Below are some records. Retype exactly the lines from the one containing "夏季新款高腰中老年八分褲女彈力直筒寬鬆薄款休閒媽媽褲子" through the one containing "LG 27GN850 UltraGear", both included, skipping every picture.

MATERIAL SUPPLIED: Begin

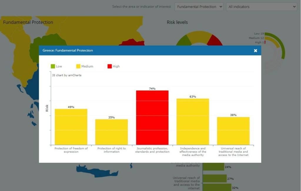 Το κεφάλαιο της έρευνας (στις 27 της Ε.Ε. συν πέντε υποψήφιων χωρών- Αλβανία, Μαυροβούνιο, Β. Μακεδονία, Σερβία, Τουρκία) για την Ελλάδα εντοπίζει ότι, ενώ η ελευθερία της έκφρασης αναγνωρίζεται ρητά στο ελληνικό Σύνταγμα, η Θεμελιώδης Προστασίας της (το θεσμικό προστατευτικό πλαίσιο των ΜΜΕ με άλλο λόγια) από διάφορα ανησυχητικά περιστατικά κατά τη διάρκεια του 2021 δείχνουν ότι δικαίωμα αυτό δεν γίνεται πάντοτε σεβαστό στην πράξη.
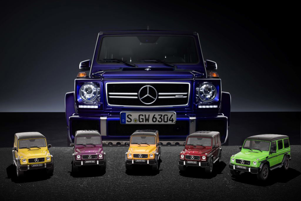 W ramach opcjonalnego pakietu kolorów Mercedes-AMG G 63 jest oferowany w pięciu ekstrawaganckich odcieniach lakieru do wyboru. Teraz te „szalone kolory” są dostępne również dla miłośników i kolekcjonerów miniaturek. Mercedes-Benz Accessories GmbH wprowadza do sprzedaży Gelendę w skali 1:18 w pięciu efektownych barwach: solarbeam, sunsetbeam, aliengreen, tomatored oraz galacticbeam.
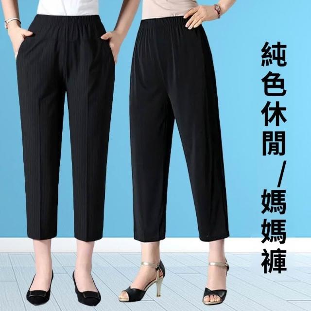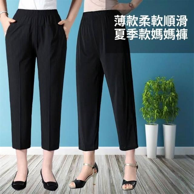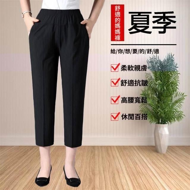 夏季新款高腰中老年八分褲女彈力直筒寬鬆薄款休閒媽媽褲子
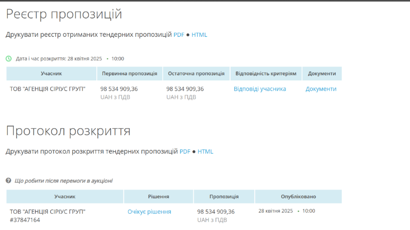 На торги подалася лише одна компанія — "Агенція сіріус груп". Її пропозиція була на 1,8 млн гривень нижчою за очікувану суму. Наразі фірма очікує підписання договору.
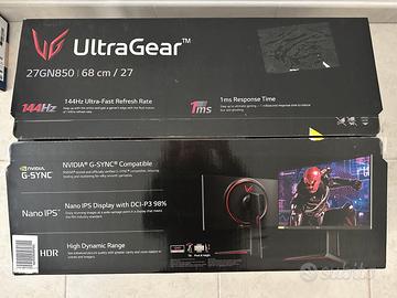 LG 27GN850 UltraGear Gaming Monitor 27" QuadHD Nano IPS 1ms HDR, 2560x1440, G-Sync Compatible e AMD FreeSync 144 Hz, HDMI 2.0, Display Port 1.4, Uscita Audio, Stand Pivot, Flicker Safe, Nero
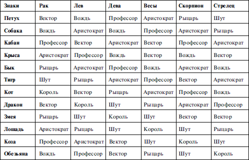 Все остальные персонажи получаются аналогичным путем. Рыцарь – с помощью сдвига на два шага (в обе стороны), Аристократ – сдвигом на три и шесть, Профессор – сдвигом на четыре, Вождь – сдвигом на пять. Все это достаточно сложно, а потому лучше обратиться к таблице, по которой найти свой знак в виртуальном гороскопе очень легко (см. таблицу на стр. 7).
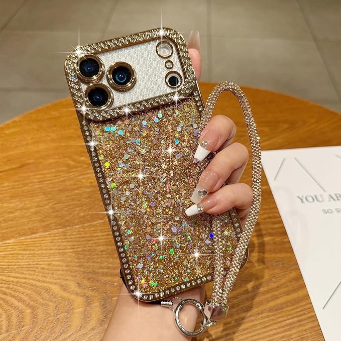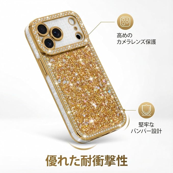 Lafunda 用の iPhone 17 Pro Maxケース キラキラ ラメ スマホケース 女の子 韓国 おしゃれ グリッター リストストラップ サラウンドレンズ保護 軽量 薄型 耐衝撃 ワイヤレス充電対応 用の アイフォン17 Pro Max カバー (ゴールド)
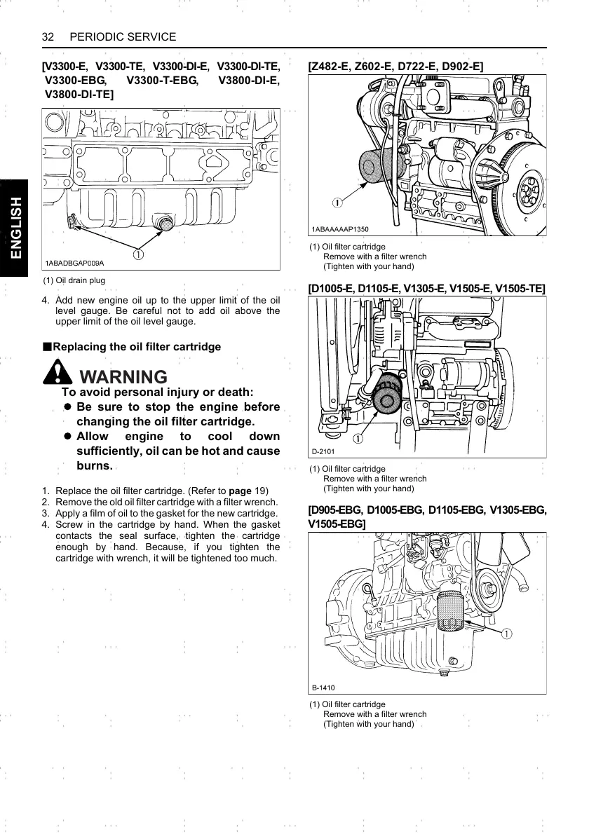 1. Replace the oil filter cartridge. (Refer to page 19)
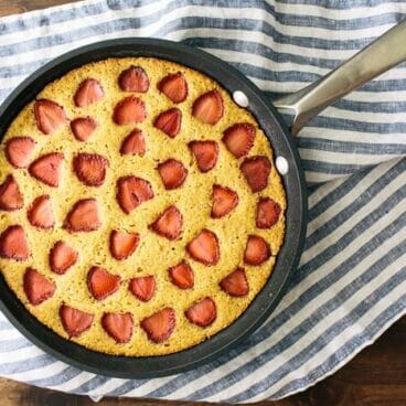 I absolutely loved this – it’s wonderfully moist and crumbly at the same time. I didn’t have fresh strawberries on hand, so I whipped up a compote with some frozen ones and served the warm, jammy strawberries over the freshly baked cake. Your suggestion for heating it up worked wonders; I had a slice for breakfast the next morning and it was just sweet enough without being indulgent. Thanks for such a lovely recipe!
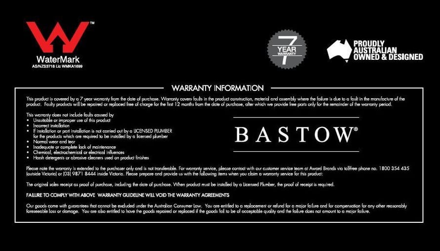 Bastows’ strict adherence to quality system guidelines guarantees the outstanding quality and reliability of its products. Bastow tapware and accessories are guaranteed against faulty workmanship and/or materials for seven years. Furthermore, our tapware complies to Watermark (AS/NZS 3718) and WELS ensuring the best possible quality product and peace of mind.
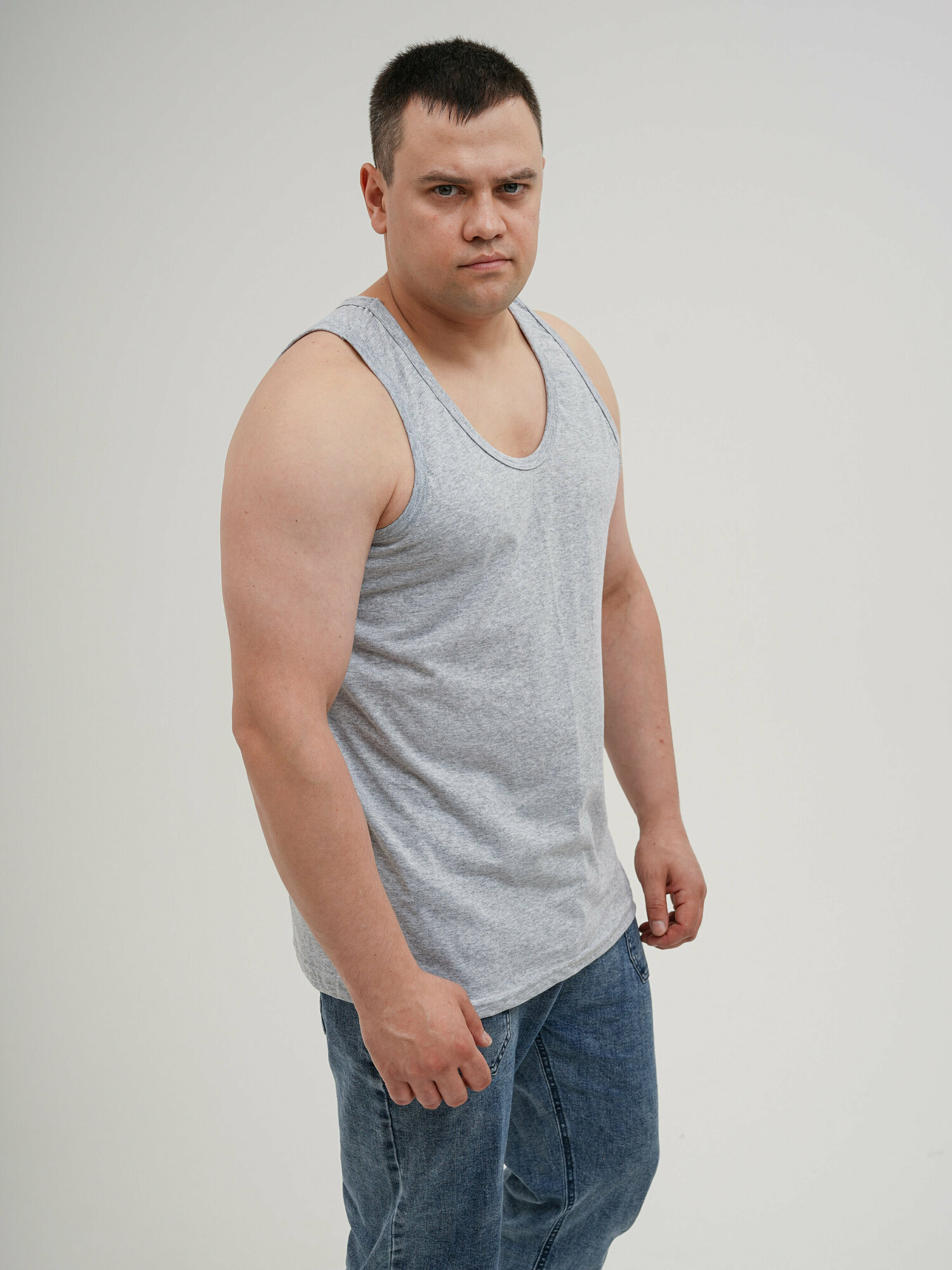 ММ-0006 Мужская майка большого размера из хлопка, тонкие лямки 68 Серый
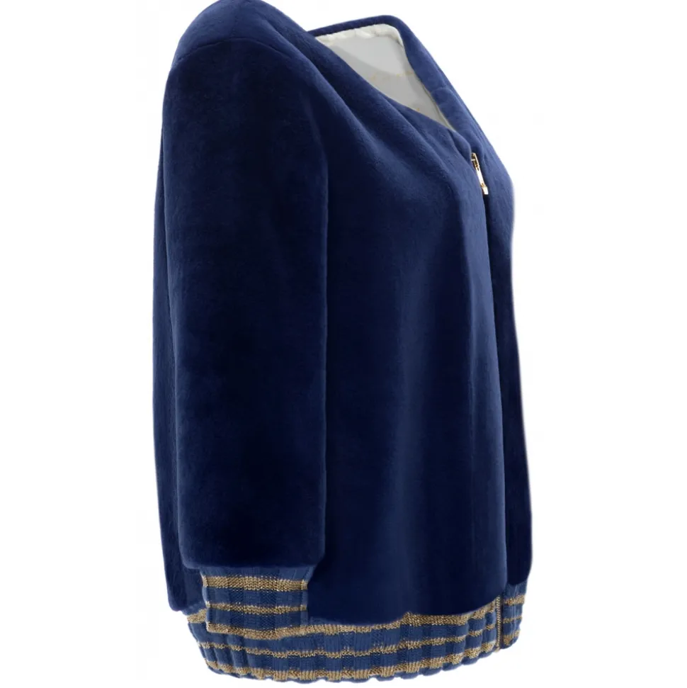 La Prima Luxury – Onda – 8 mm Shaved Mink Fur In Navy – Cashmere Knit Edges – Gold Thread – Fur Coat – Luxury Exclusive Collection

MATERIAL SUPPLIED: End

EXERCISE RESULT:
 夏季新款高腰中老年八分褲女彈力直筒寬鬆薄款休閒媽媽褲子
 На торги подалася лише одна компанія — "Агенція сіріус груп". Її пропозиція була на 1,8 млн гривень нижчою за очікувану суму. Наразі фірма очікує підписання договору.
 LG 27GN850 UltraGear Gaming Monitor 27" QuadHD Nano IPS 1ms HDR, 2560x1440, G-Sync Compatible e AMD FreeSync 144 Hz, HDMI 2.0, Display Port 1.4, Uscita Audio, Stand Pivot, Flicker Safe, Nero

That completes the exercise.